Comme l'avait annoncé Christine Lagarde en fin d'année dernière, le taux de rémunération plancher du plan épargne logement (PEL) sera fixé à 2,50% à compter du 1er mars, selon un arrêté publié samedi au Journal officiel.

"Le taux de rémunération des sommes inscrites au compte du souscripteur d'un plan d'épargne logement ne peut être inférieur au taux plancher de 2,50%", stipule le texte.

Il s'agit du taux offert hors prime d'Etat. Avec la prime, celui-ci atteint 3,5%.

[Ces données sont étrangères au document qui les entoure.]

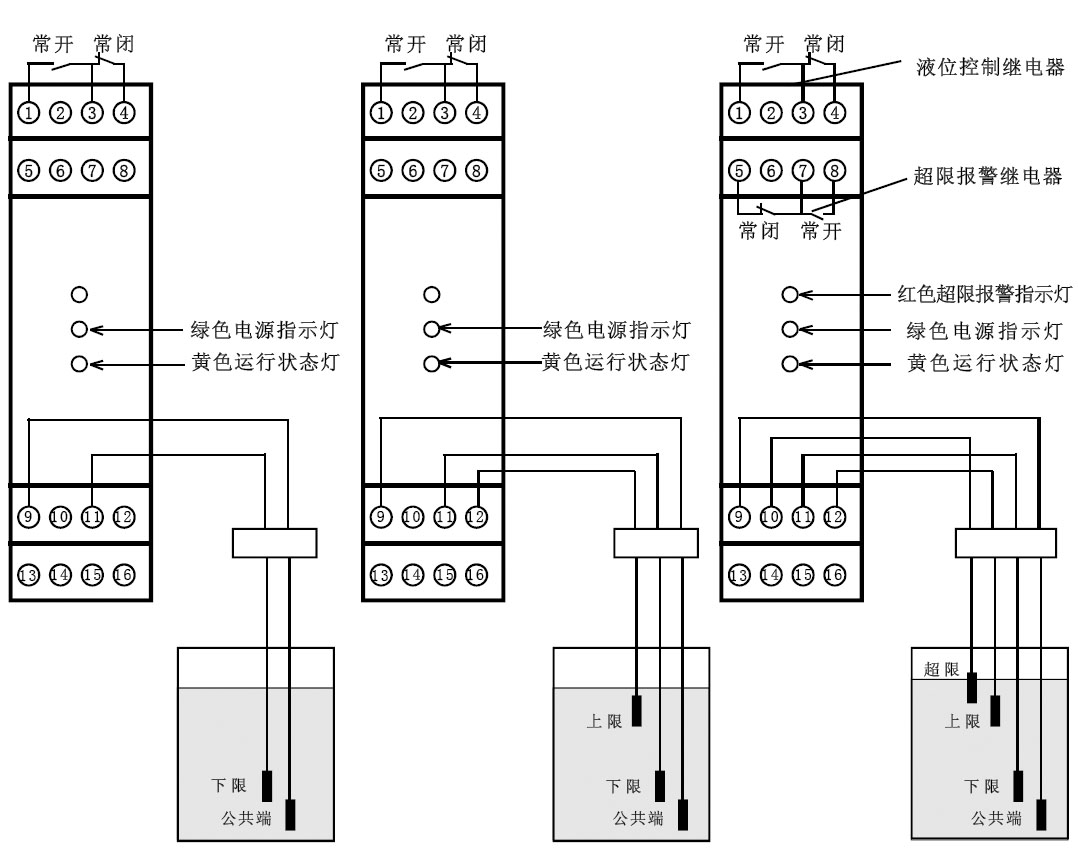 典型應用 1 .三根電:三根電常用,適合給排水和其他進液或排液控制,與機泵結合可以實現自動控制給排水。 進液控制: 液位低于下限時,繼電器吸合,黃色燈亮,水泵電機啟動; 液位高于上限時,繼電器斷開,黃色燈滅,水泵電機停止。 排液控制:液位高于上限時,繼電器吸合,黃色燈亮,水泵電機啟動; 液位低于下限時,繼電器斷開,黃色燈滅,水泵電機停止。 注意:進液、排液的功能切換是由內部撥動開關實現 撥動開關在1時為進液控制 2.四根電:四根電則是在進液或排液功能的基礎上增加了上限報警或下限報警功能,防止水位超高溢流或過低空泵運行。 |
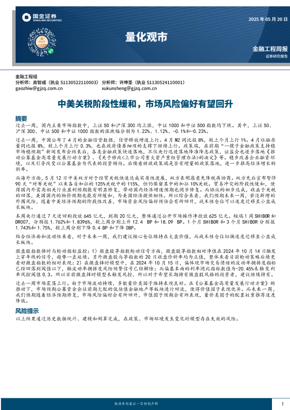 【国金证券】【20200525】量化观市:中美关税阶段性缓和,市场风险偏好有望回升-12页
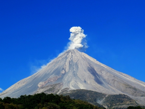 Für uns ist es der letzte Abend am Pacific. Die nur knapp 20m entfernten Wellen machen einen gehörigen Schlag … hören sich in der dunklen Nacht noch lauter an. Schweren Herzens verlassen wir am nächsten Morgen unsere letzte Station am Pacific. Wir sind gespannt auf das mexicanische Hochland. Unser erstes Ziel … der Volcan de Colima. Vom Campground „La Maria“ fahren wir noch einmal weitere 3,5 km auf der holprigen Pflasterpiste, um einen guten Ausblick auf den Volcan zu haben. Wir parken Pummel … wie auf Bestellung fängt der Vulkan an zu „pusten“. Wir sind hin und weg begeistert.
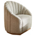 Derived from the Persian word for sea, the Daria swivel chair gained its namesake from the shell-motif channel tufting on its front, sides, and back. The vertical tufting meticulously follows the curvature of the frame, creating an arresting display of harmony. Off-white boucle performance-treated fabric and a solid Oak wood base supply durability in this sturdy Mid-century design.

Cet arrêté fait suite à un précédent, publié le 24 janvier, pour fixer la nouvelle formule de calcul de la rémunération du PEL. En tenant compte des taux de "Swap" actuel, cette nouvelle formule n'aboutirait, pour le moment, à aucun changement de taux. La formule donnant un résultat légèrement ingérieur à 2,35%, c'est donc le taux de plancher, de 2,5%, qui serait appliqué au 1er mars.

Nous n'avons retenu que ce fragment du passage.